6. Then with regard to the fourth ground of appeal, we would observe in the first pace that this ground was apparently not raised before the District Judge. There is no trace of any such plea in his judgment, and the appellant is therefore, strictly speaking, not entitled to raise it before us. However this may be, it appears to us that this plea has no force. It is true that the heirs of Madan Gopal obtained an ex-parte decree against the defendants Nos. 2 and 3 on the 19th of February 1877, and an application for review of this ex-parte decree was applied for and was pending, when the heirs of Madan Gopal and the defendants Nos. 2 and 3 entered into a compromise, by which it was stipulated that on payment of the zurpeshgi and baihal-wafa money the deeds would be returned, and would become inoperative between the parties and the defendants Nos. 2 and 3 would get back the property. A solenamah was filed, and it appears to us to have been agreed by the solenamah that the foreclosure decree should be set aside as between the parties. We, therefore, think that the effect of the solenamah was to prevent the foreclosure decree from becoming absolute and the right of the mortgagor being extinguished. It has been said that the terms of the decree were that a decree absolute for foreclosure was given and the rights of the mortgagor extinguished. We do not think that can be so, and we are unable to take the view that it was so, because the terms of the decree are not before us.
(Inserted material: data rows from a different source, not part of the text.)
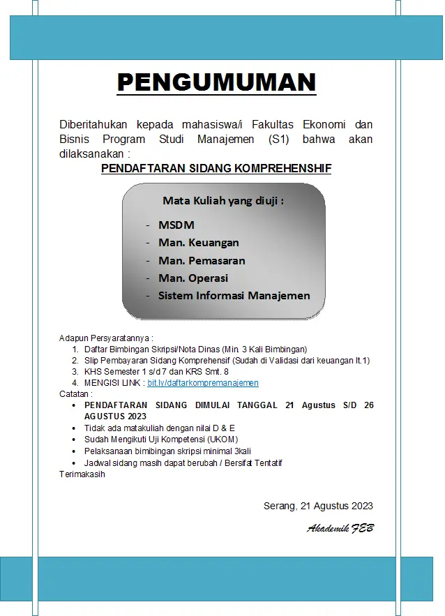 PENGUMUMAN PENDAFTARAN SIDANG KOMPRE MANAJEMEN T.A. 2022-2023 GENAP GEL. 2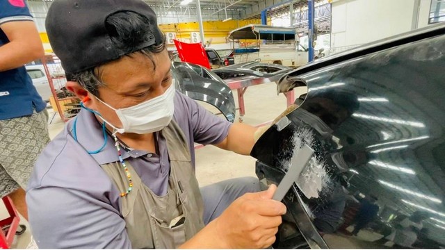 อำเภอเมือง//อู่ซ่อมรถ“พรีเมียมคาร์เพ้นท์”ขนรถส่วนตัวของทหารที่ถูกสะเก็ดระเบิดจรวด BM 21 ระหว่างการปะทะตามชายแดนมาซ่อมให้ฟรี เจ้าตัวเผยตอนนี้รับมาแล้ว 7 คันที่เหลือคาดว่าไม่น้อยกว่า 15 คันระบุรถของทหารส่วนใหญ่จะได้รับบาดเจ็บด้วยอยากให้เขาออกจาก รพ.มาแล้วรับรถได้แบบสบายใจ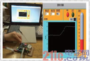 本系统对一个温度传感器传输的数据进行了测试,得到的结果和温度及所测的结果非常接近,但是其比温度计的灵敏度和分辨率要高很多。另外系统工作也非常稳定,环境的影响也很小。图3是测试的结果,其中20℃的时候为室温,温度升高是由于用手触摸传感器所致。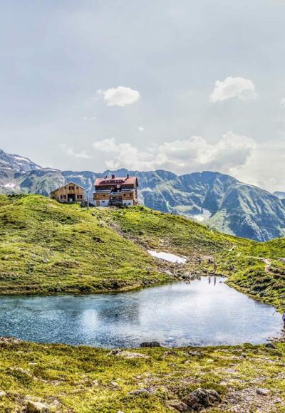 Badehose nicht vergessen! Welche Hütte auf über 2000 Metern bietet schon einen Badesee?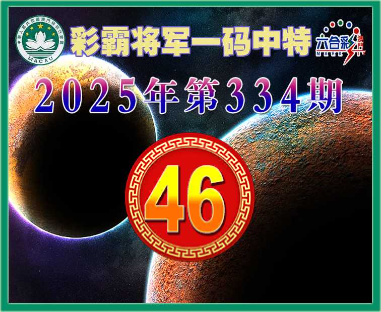 334期:【彩霸将军】 🎈一码中特🎈【46】开:46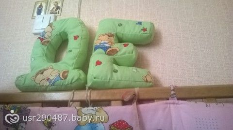 Смотрела я смотрела, весь интернет кипит этими буковками, и мне они безумно понравились. Сначала хотели с мужем купить их, а найти нигде не смогли, и я решила взять иголку и нитки в руки и самой сшить. Пока не закончила, но результат уже есть. Вот две готовые буковки. Они так классно смотрятся на кроватке: мило и уютно. И сынуле понравились. Первую буковку дошила, когда Демид спал, а проснувшись, он глаз от нее оторвать не мог: разглядывал, щупал, ну и, конечно, попробовал на вкус. В общем, вот первые плоды моего труда.
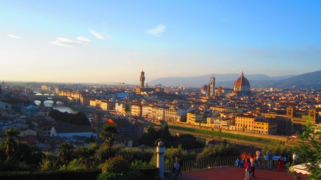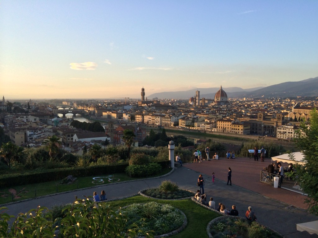 Another option we highly recommend is the Giardino Bardini. They are gardens very close by the Piazzale Michelangelo – you can see them on Google Maps – but since there is an entry fee they are far less crowded, even empty at times, and do not have any solicitors. As a bonus, the gardens are beautiful in their own right and the Villa Bardini is a nice little museum with great views. It makes for a wonderful hike. You can start at ground level off of Via Bardi only 5 minutes walk from the Ponte Vecchio bridge and wind your way up to the Villa Bardini viewing area.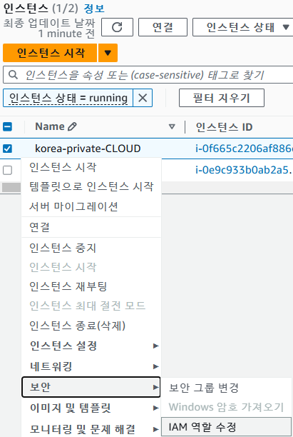 생성했던 private 인스턴스를 오른쪽 클릭 -> 보안 -> IAM 역할 수정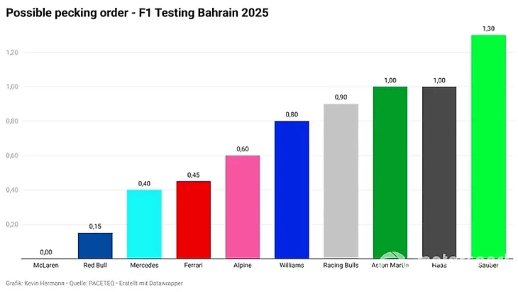 «Для «Макларена» это были успешные тесты, но далеко не идеальные. Ландо Норрис признал, что боролся «с задними колесами немного больше, чем того хотелось бы». Это не выглядело большой проблемой, тем более Андреа Стелла отметил, что небольшая нестабильность задней части – нормальная черта для Бахрейна. Тем более, когда такое влияние оказывал ветер. В паддоке сошлись во мнении, что «Макларен» быстрейший, но у них не такое преимущество, как было у «Ред Булл» перед сезонами 2023 и 2024 годов.
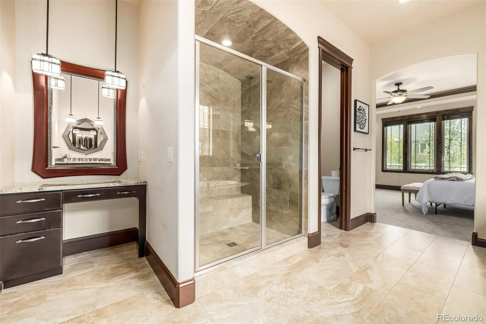 Set beneath a warm facade, where stucco + stone harmonize, this 2016 home introduces itself with balance and intention. Arched doorways, art niches, and refined millwork create a cohesive and timeless aesthetic. Wide plank flooring anchors the main floor, while an array of picture windows illuminates a living room defined by a iconic fireplace, tray ceiling, and statement chandelier. The space feels open yet centered, designed for both gathering and retreat. The kitchen is a true centerpiece, expansive and beautifully composed. Rich cabinetry, elevated finishes, and thoughtful lighting frame a workspace both functional and refined. A walk-in pantry and a superb butler’s pantry offer exceptional utility, ideal for entertaining and preparation alike. The adjoining dining room hosts its own statement light and picture window, creating a setting equally suited for gatherings or quiet meals. An additional casual dining area offers direct access to the yard. The main floor enjoys a dedicated office, enriched by classic wood paneling. The primary suite is a study in calm luxury, where soft textures, expansive proportions, and a tray ceiling create a sense of quiet retreat. The 5-piece bath offers a refined experience, complemented by a large walk-in closet. Below, a fully realized secondary living space expands the home’s versatility. With private access from the garage, this level lives as its own residence, complete with full kitchen, dining space, and tranquil living room. Additional bedrooms are well proportioned with ample storage, supported by multiple baths. Whether envisioned for multigenerational living or guests, the design offers rare adaptability. The garage, outfitted for EV charging, easily accommodates 4+ vehicles. Outdoors, a covered patio creates a sense of seclusion, opening to a thoughtfully landscaped yard. Warm and composed, this home offers a rare combination of elegance and adaptability, where each space has been shaped with intention.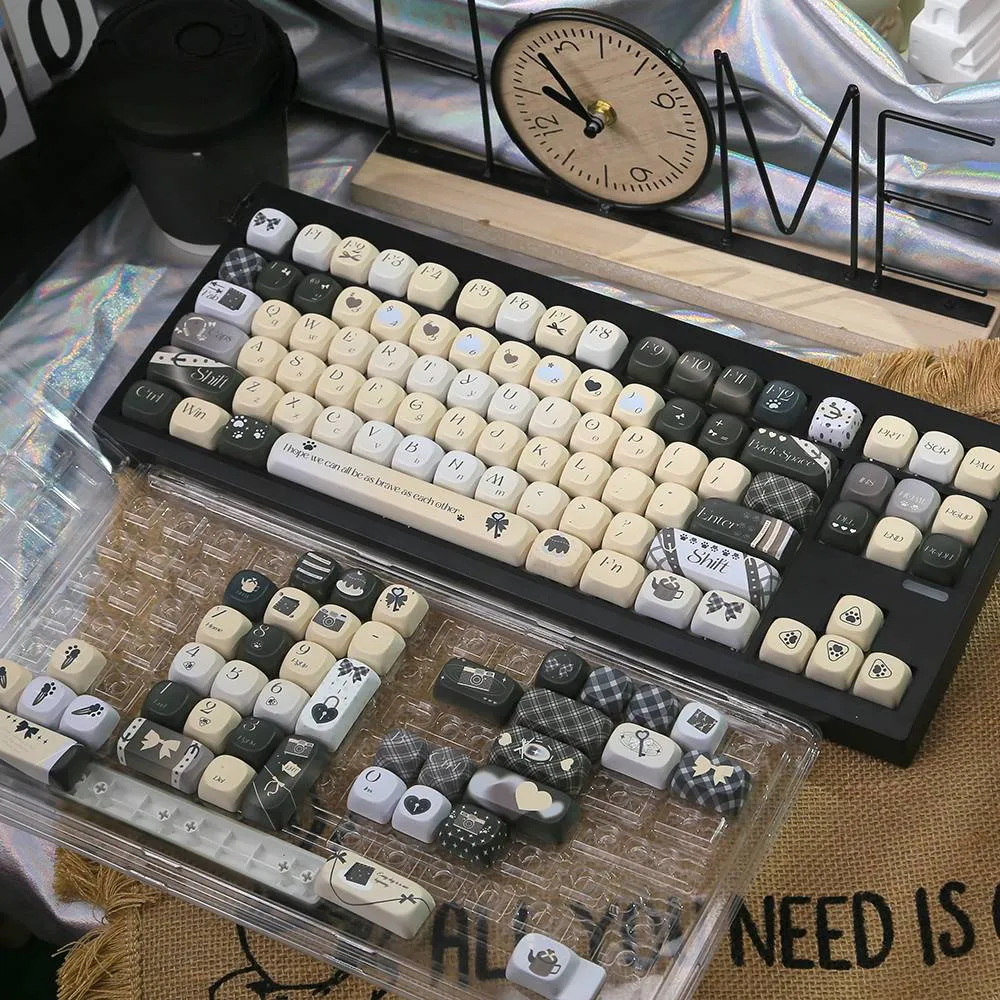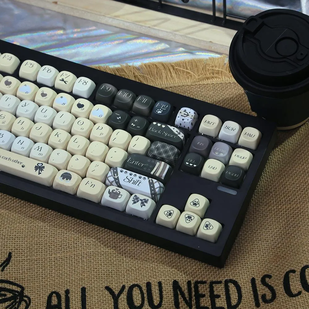 Refresh the look of your keyboard with the Eve’s Dream MOA Keycap Set! The keycaps in this captivating set are a tasteful combination of white, beige, black and grey. A touch of refinement is added to each keycap with grey lettering in a distinctive font style. Some keycaps have cute animal paw print symbols and the Space key has a sweet heart-shaped icon. The ESC key’s visual appeal is further enhanced by the addition of a charming ribbon icon. With its MOA profile design and sturdy PBT construction. Which this keycap set blends quality and whimsical charm. Change your configuration now and allow your keyboard to express who you are!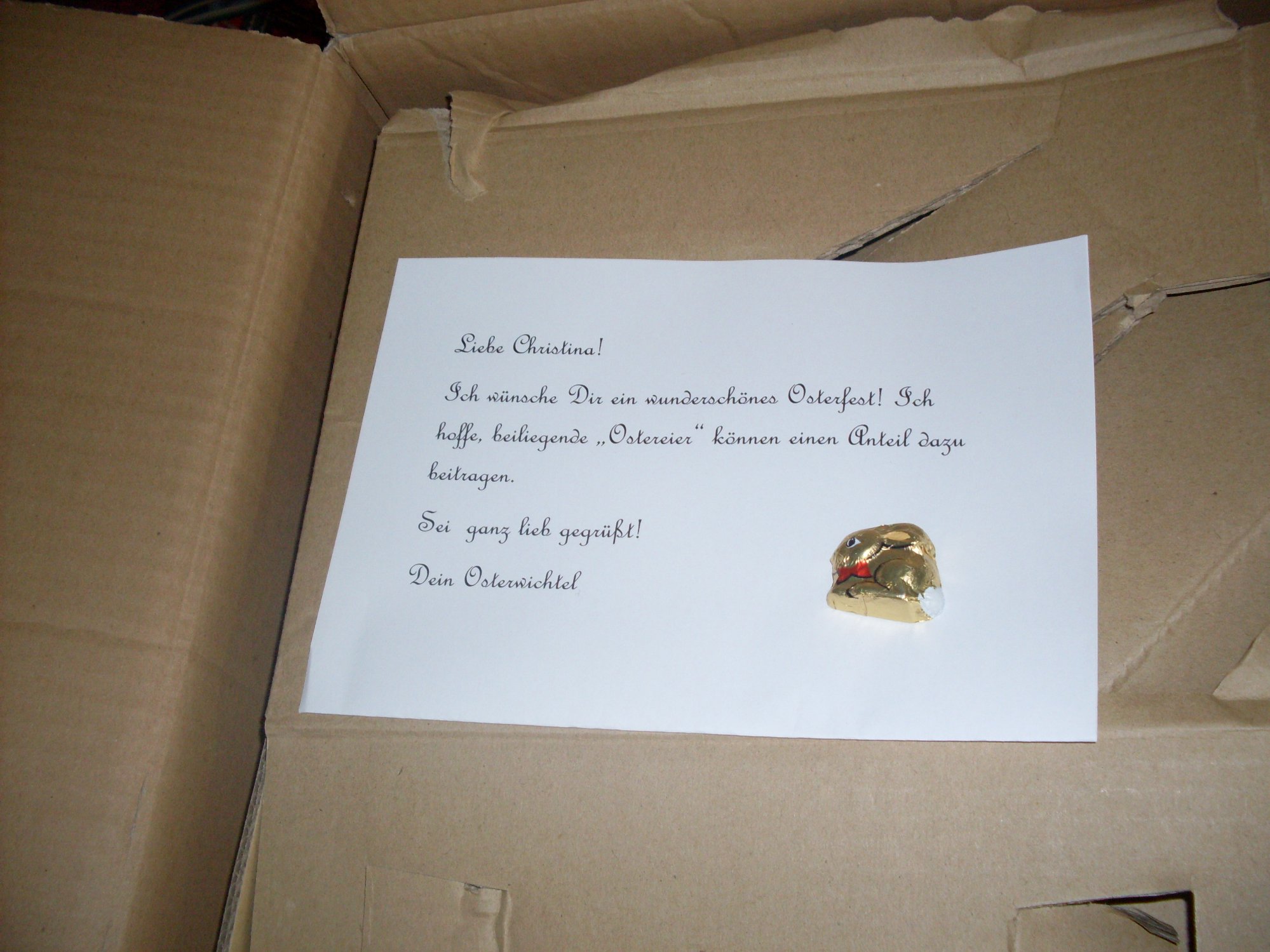 Danke auch für die Nascherei und die nette Osterkarte.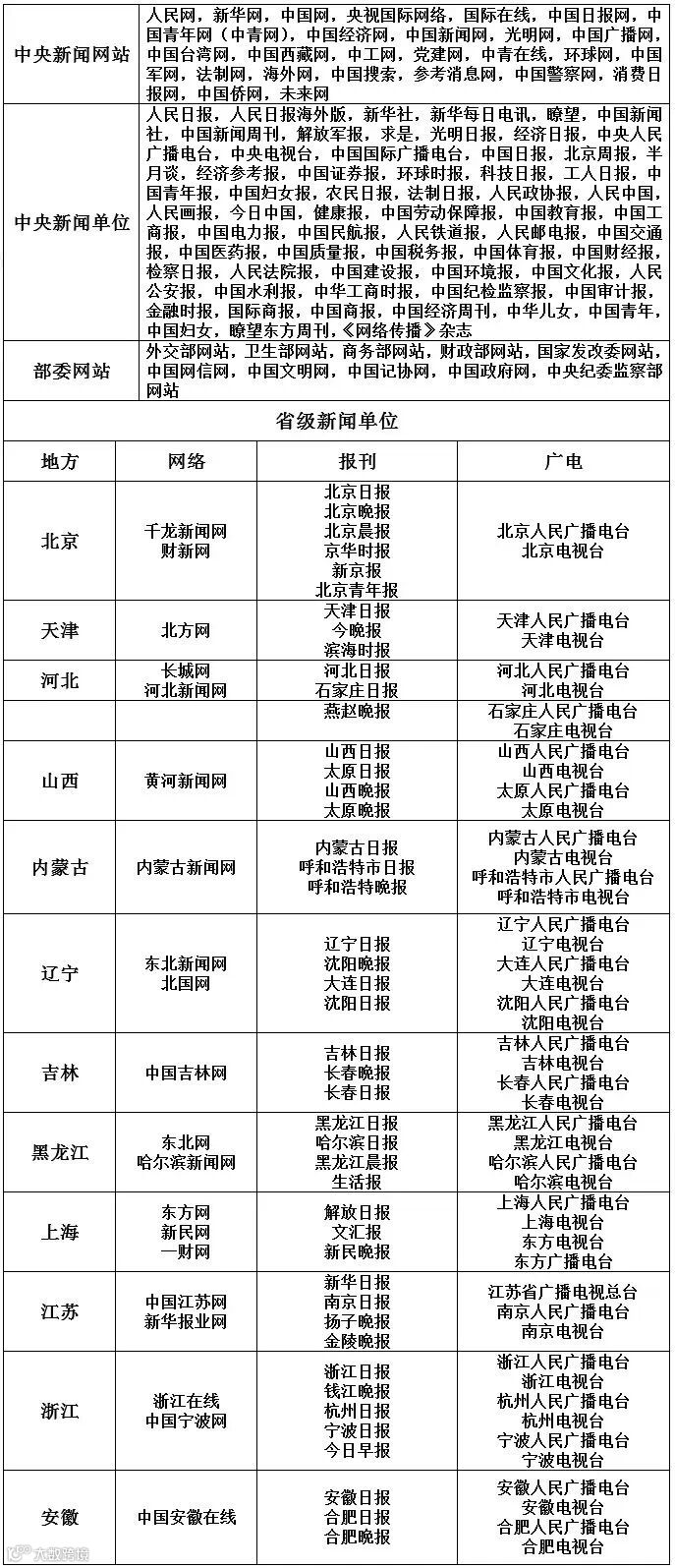 网信办公布可供网站转载新闻的新闻单位(附详细名单)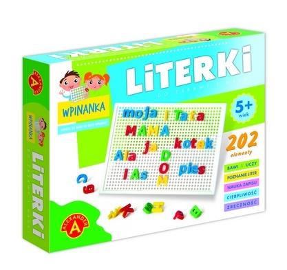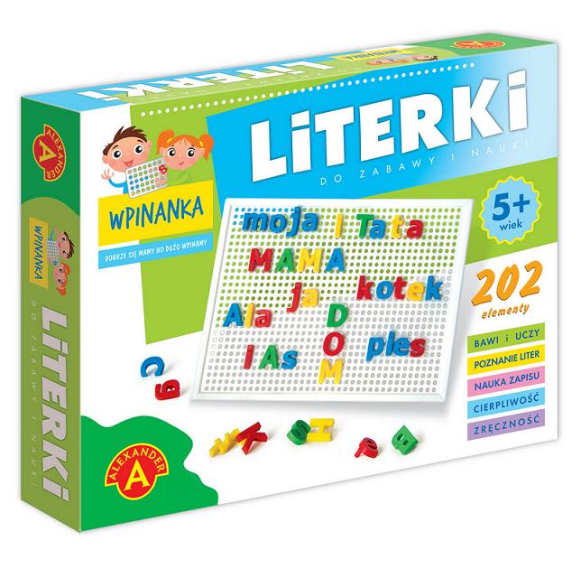 Zbiór kolorowych literek (zarówno wielkich jak i małych), z których każda posiada element umożliwiający wpinanie ich w otwory ażurowej tablicy.
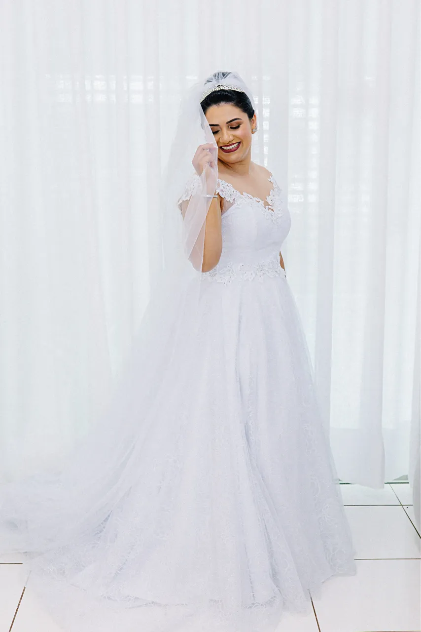 Deslumbre no seu grande dia com este vestido de noiva elegante e romântico. Perfeito para criar memórias inesquecíveis, este vestido é a escolha ideal para a noiva que busca beleza e sofisticação.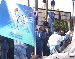 みんな旗を振りながら、聖火を見送りました。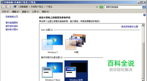 鼠标右击桌面,单击个性化,打开个性化窗口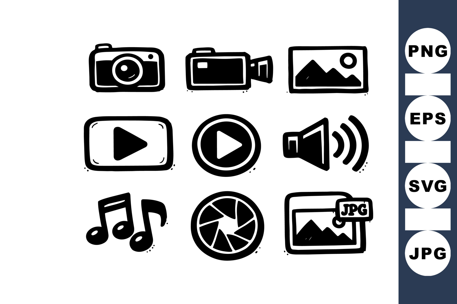 Illustration shows a collection of hand drawn black vector icons such as camera, video camera, play buttons, music notes, sound volume, shutter, and image file format in sketch style.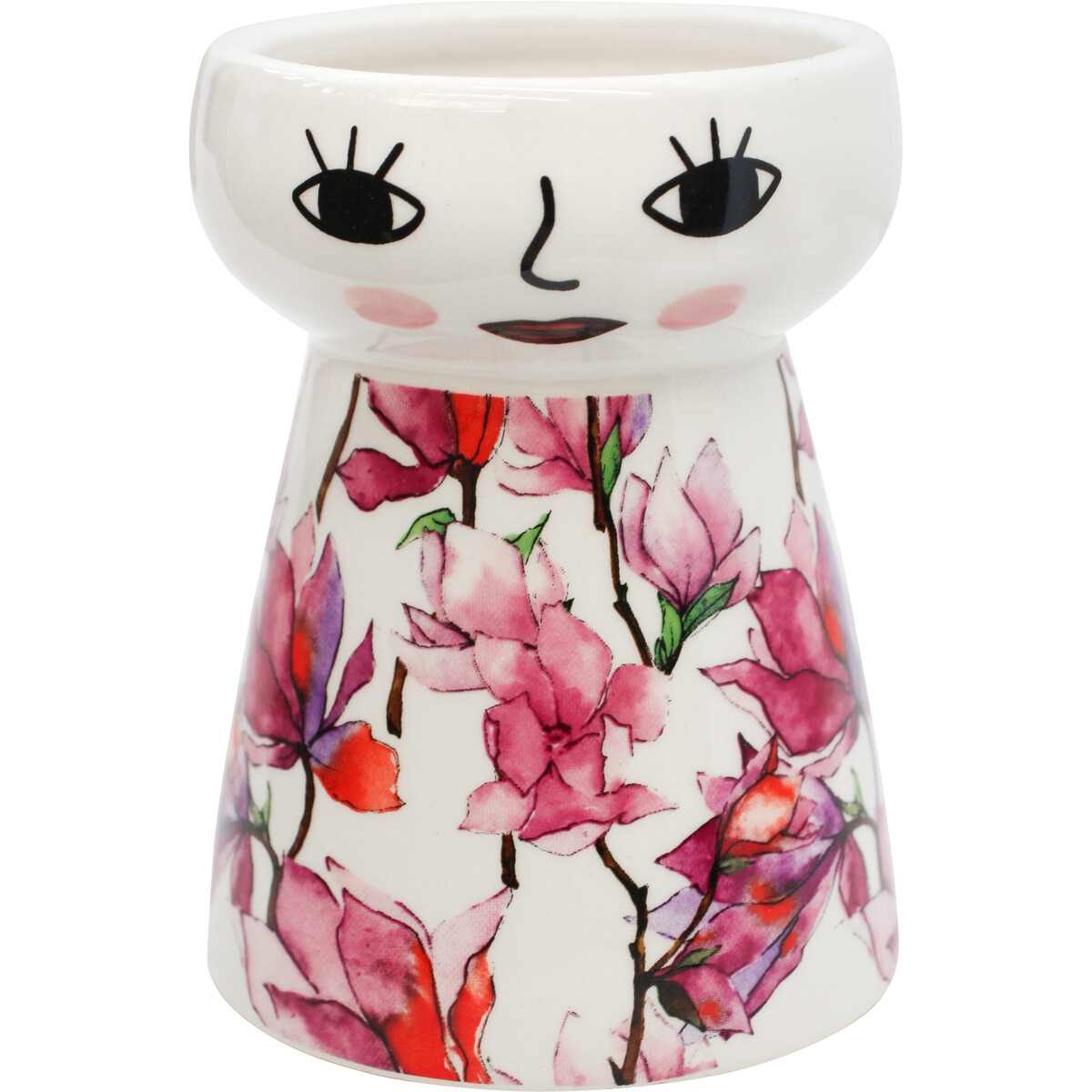 The Doll Vase Petite Sml features a classic vase made through the use of premium quality dolomite material in a distinctively appealing shape and design. The top of this vase is shaped like a bowl while the base is shaped in the form of a cylinder. The bowl shaped top has its side ornamented with the image of a woman who is active and at alert. The cylindrical shaped base however, is painted in lovely floral patterns which features alluring flowers. The flowers have pink coloured petals with some occasionally having one or two red coloured petal as well.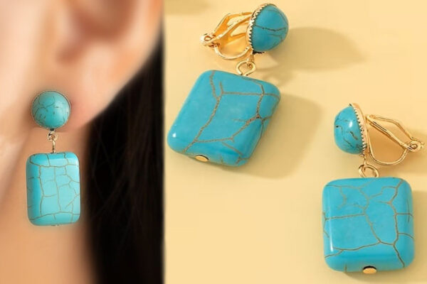 Klõpsuga kõrvarõngad kandilise türkiiskiviga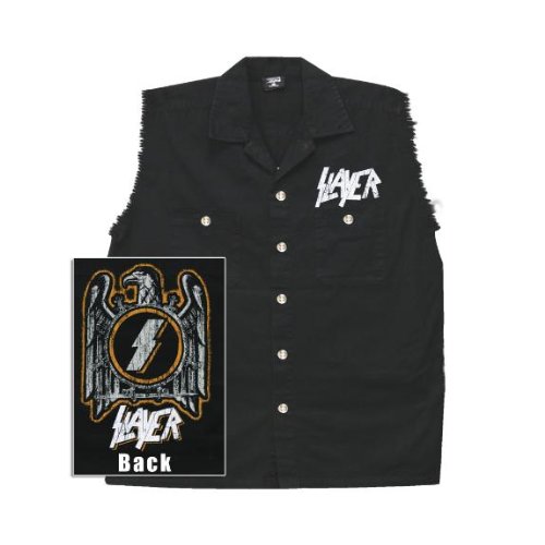 This black, sleeveless denim button-up from Slayer features the band's logo on the left breast, with a print of their eagle emblem on the back, as well as two front pockets with flaps and frayed edges around the arms. An awesome shirt for Slayer fans who tired of plain old t-shirts!

But however this may be, it would seem to us from the solenamah filed in this case that the effect of the decree was set aside and the mortgagor’s rights were, still subsisting, so that the zurpeshgi which they executed in favour of the plaintiffs in 1879, was a perfectly valid and good zurpeshgi.
7. For all these reasons; we see no ground to interfere with the decision of the lower Appellate Court and we dismiss this appeal with costs.